很抱歉,标题看起来很混乱。在以下数据中,
mydata<- data.frame(id= c("1","2","1", "1" ,"2" ,"1"), transaction = c (0,0,1,0,1,1) , time = c( 10, 20, 22, 27, 39, 47))
我有一些访问(当事务= 0时)我有一些交易其中(事务= 1)。我想知道最后一次访问与每个ID 的交易之间的时差:例如,ID最后一次拥有的时间访问时间为10,因为他的交易发生在时间22,有12个单位差异。 这是我的数据
id transaction time
1 1 0 10
2 2 0 20
3 1 1 22
4 1 0 27
5 2 1 39
6 1 1 47
我希望得到以下结果:
id transaction time dif
1 1 0 10 NA
2 2 0 20 NA
3 1 1 22 12
4 1 0 27 NA
5 2 1 39 19
6 1 1 47 20
我尝试了类似的东西,这显然是错误的
library(dplyr)
%>%
group_by( id) %>%
mutate( dif =first(time[transaction == 1])-last(time[transaction == 0]))
答案 0 :(得分:1)
df %>% group_by(id) %>% mutate(time1 = ifelse(transaction!=0,time-time[1],NA))

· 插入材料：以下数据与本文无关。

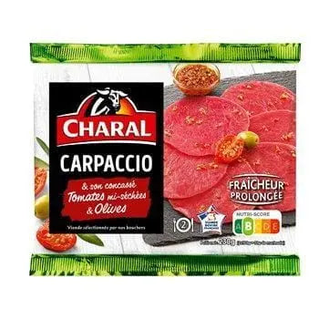 Marinated carpaccio 87%: beef 80%, spicy marinade 7% (rapeseed oil, natural flavourings); Adjacent pod 13%: rapeseed, sunflower and olive oils, green and black olives 3.5%, tomato concentrate 2.5%, semi-dried tomatoes 1.1%, capers (capers, water, salt, spirit vinegar), salt, garlic, sugar, parsley, oregano, acidifier: E330, preservative: E202.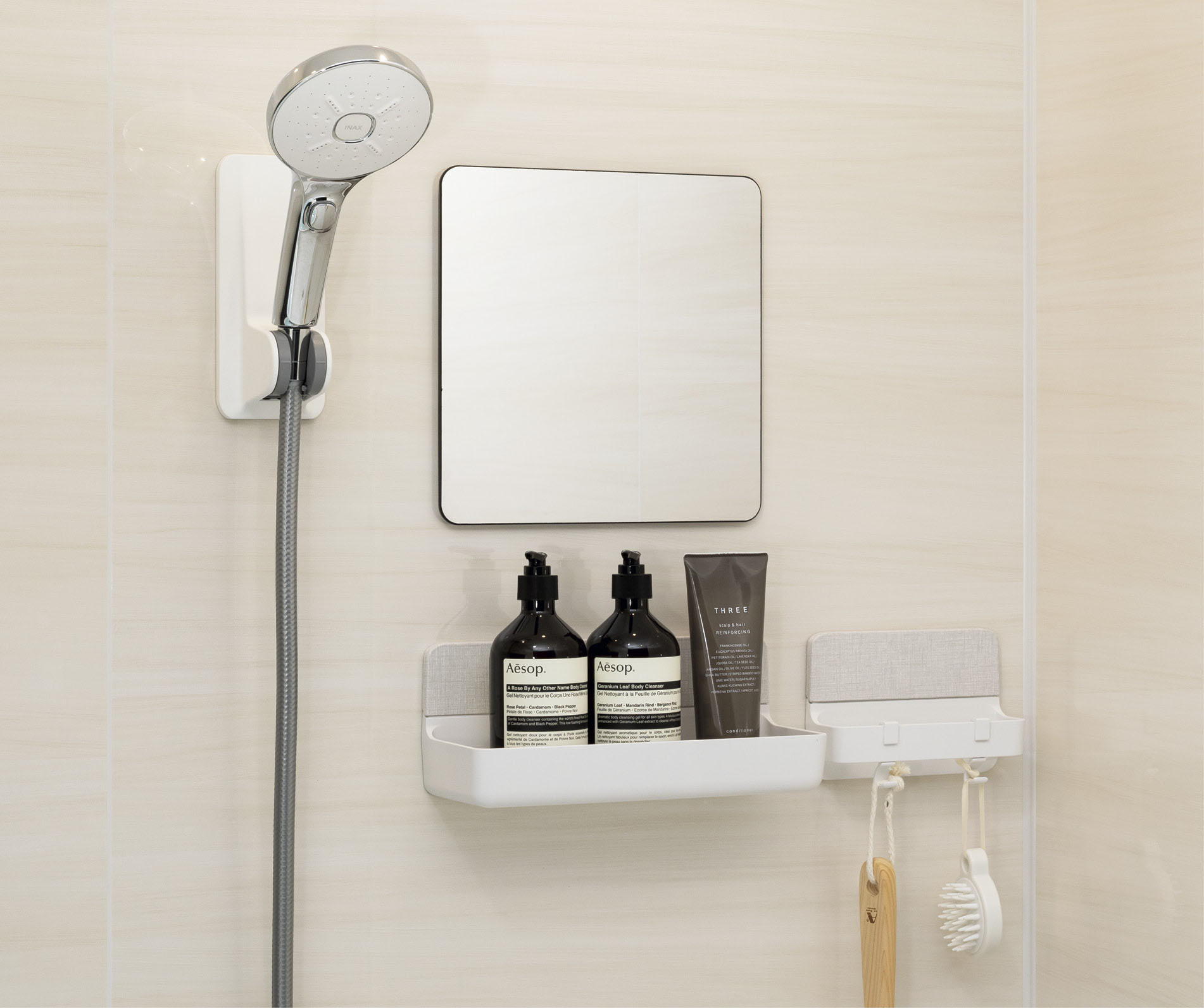 キッチンパネルや浴室パネルをマグネット対応にすると、棚・フックを自由配置。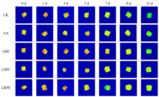 Changes in false-color image of the water proton density of CK-, GSE-, LSPC-, LRPE- and AA-treated catfish fillets during storage at 4 °C for the indicated times.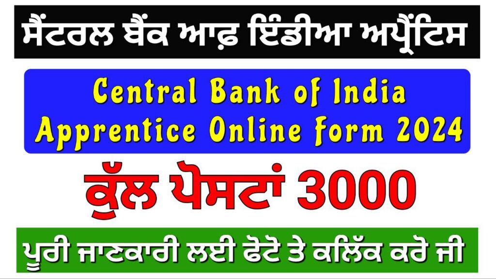 Central Bank of India Apprentice Online Form 2024Central Bank of India (CBI)Central Bank of India CBI Apprentice Recruitment 2024CBI Apprentices 2024 : Short Details of Notification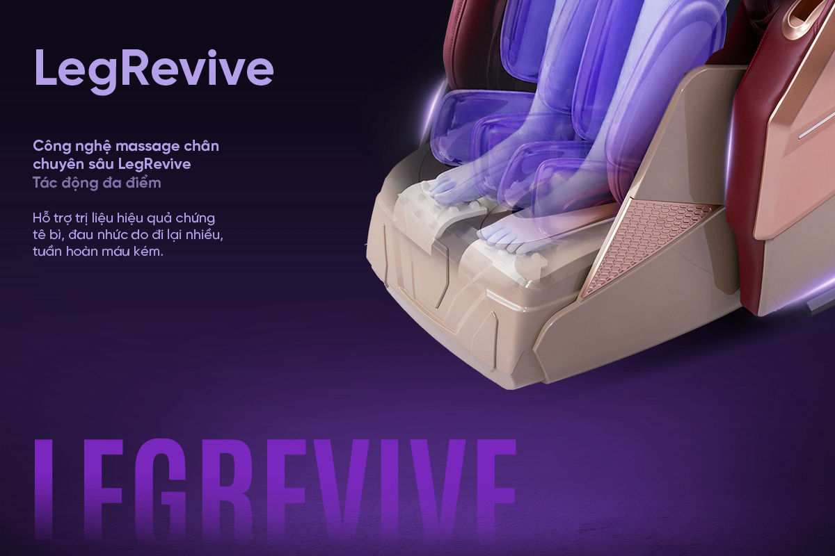 Ghế matxa Luxury Legend tích hợp công nghệ LegRevive - hệ thống massage chân chuyên sâu, phát triển từ nền tảng các phương pháp trị liệu cổ truyền.

# id transaction time time1
# <int> <int> <int> <int>
# 1 1 0 10 NA
# 2 2 0 20 NA
# 3 1 1 22 12
# 4 1 0 27 NA
# 5 2 1 39 19
# 6 1 0 47 NA
答案 1 :(得分:1)
我们可以data.table
使用作业(:=
)来避免任何复制
library(data.table)
setDT(mydata)[, dif:=time[transaction!=0]- time[transaction==0],
by = id][transaction==0, dif:= NA][]
之前有一个值不匹配。以下代码修复了它
setDT(mydata)[, ind := cumsum(c(TRUE, diff(transaction==1)<0)),
id][, dif := time[transaction==1]-time[transaction==0], .(id, ind)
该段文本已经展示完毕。